See now am i the only one who sees these 2 rules as being at odds with each other, and not quite lining up, one would suggest you are constantly checking the game state for passive effects and triggering them the second you can, the other would suggest you follow out the entire line before then updating the game.

I put forward another theoretical issue

Cursed Dead

this card reads

When revealed : Put each copy of Cursed Dead in the discard pile into play in the staging area.

The rule book states (page 14)

If the encounter deck is ever empty during the quest phase, the encounter discard pile is shuffled and reset back into the encounter deck.

So using the imrahil ruling we could have a window where the rule book effect triggers between "pulling the card off the top of the encounter deck" and "resolving the card" in this window if the cursed dead is the last card pulled you would shuffle the encounter deck meaning no cursed deads are returned as there is an empty discard pile, if however we do the whole action as one thing as has been suggested in the past you would return the cursed dead from the discard pile.

In the past i have always played this returning cursed deads to the staging area, these rulings now make me question this interperatation, any thoughts to clarify this, or am i missing something that makes all of this consistent with each other?

See now am i the only one who sees these 2 rules as being at odds with each other, and not quite lining up, one would suggest you are constantly checking the game state for passive effects and triggering them the second you can, the other would suggest you follow out the entire line before then updating the game.

I put forward another theoretical issue

Cursed Dead

this card reads

When revealed : Put each copy of Cursed Dead in the discard pile into play in the staging area.

The rule book states (page 14)

If the encounter deck is ever empty during the quest phase, the encounter discard pile is shuffled and reset back into the encounter deck.

So using the imrahil ruling we could have a window where the rule book effect triggers between "pulling the card off the top of the encounter deck" and "resolving the card" in this window if the cursed dead is the last card pulled you would shuffle the encounter deck meaning no cursed deads are returned as there is an empty discard pile, if however we do the whole action as one thing as has been suggested in the past you would return the cursed dead from the discard pile.

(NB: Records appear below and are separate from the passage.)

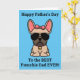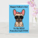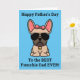 Frenchies, montrez à votre père un peu d’amour pour la fête de ce Père avec une carte personnalisée juste de vous. Le message au recto de la carte dit : "Bonne fête des pères au meilleur papa français !" Le message intérieur dit : "Je t’aime plus que les promenades, Joyeuse Fête des Pères". Le dessin présente une jolie illustration de dessin animé d'un taureau français de couleur fawn féminin portant un arc et un collier roses. Police et couleur arrière - plan et être modifié en sélectionnant "Cliquez pour customiser plus loin".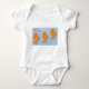 En vintage / ett antika Glad påsk-vykort med tre fuzzy gult kände chickar i rad. Bakgrund i blått. Glad påsk!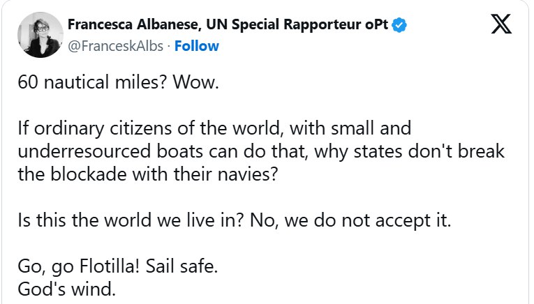 ফিলিস্তিনি অঞ্চলের ওপর নিযুক্ত জাতিসংঘের বিশেষ প্রতিবেদক ফ্রান্সেসকা আলবানিজ প্রশ্ন তুলেছেন যে, বিশ্বের বিভিন্ন দেশ কেন গাজার ওপর ইসরায়েলি সামরিক অবরোধ ভাঙার চেষ্টা করছে না, যেখানে ইসরায়েলের বিরুদ্ধে গণহত্যা ও বেসামরিক নাগরিকদের জন্য কৃত্রিমভাবে দুর্ভিক্ষ তৈরির অভিযোগ রয়েছে। যদি “বিশ্বের সাধারণ নাগরিকরা”, “ছোট এবং দুর্বলভাবে সজ্জিত নৌকা” নিয়ে একটি নৌবহর আকারে গাজা থেকে ৬০ নটিক্যাল […]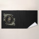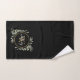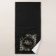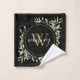 Greenery Foliage Gold Monogram Chic Script Black Bath Towel Set

In the past i have always played this returning cursed deads to the staging area, these rulings now make me question this interperatation, any thoughts to clarify this, or am i missing something that makes all of this consistent with each other?

I do not disagree with you that the rulings may perhaps be at odds with each other. There may still be a difference though since the developers never provided a justification for the Quickbeam ruling.

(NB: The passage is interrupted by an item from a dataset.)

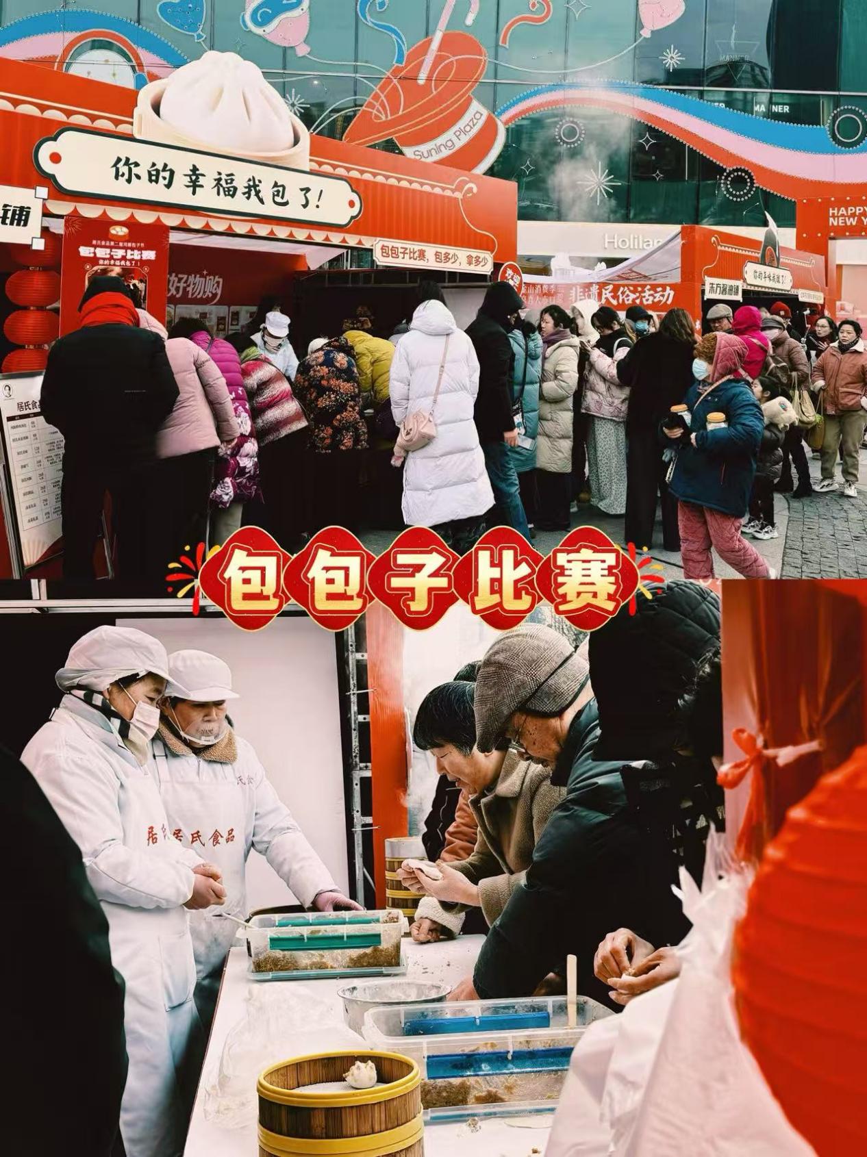 另一大高潮当属 “你的幸福我‘包’了!”非遗居大师包河豚包子大赛。每天下午三点至四点,比赛如火如荼。两人一组,限时8分钟,“包多少拿多少”的赛制吸引众多家庭、好友组队挑战。现场气氛紧张热烈,巧手翻飞间,形态可爱的河豚包子不断诞生,围观群众喝彩连连。这场兼具技巧性与趣味性的非遗体验,让传统手艺在竞技中焕发新活力,将“年年有余”的美好寓意包进每一份收获里。

Regarding your Cursed Dead example, the developers clarified that you resolve the staging of the encounter card before shuffling the encounter deck. So you would return all copies of Cursed Dead, then you would shuffle any remaining cards in the discard pile back into the deck.

Q: When I reveal the last card of the encounter deck, do I immediately reset the quest deck before resolving the staging of the revealed card?
A: No. Resolve the staging of the revealed card, including any ‘When Revealed’ effects, before resetting the quest deck, if able. If you are unable to completely
resolve the staging of the card because it instructs you to interact with the encounter deck in some manner, then reset the quest deck and finish resolving the effect.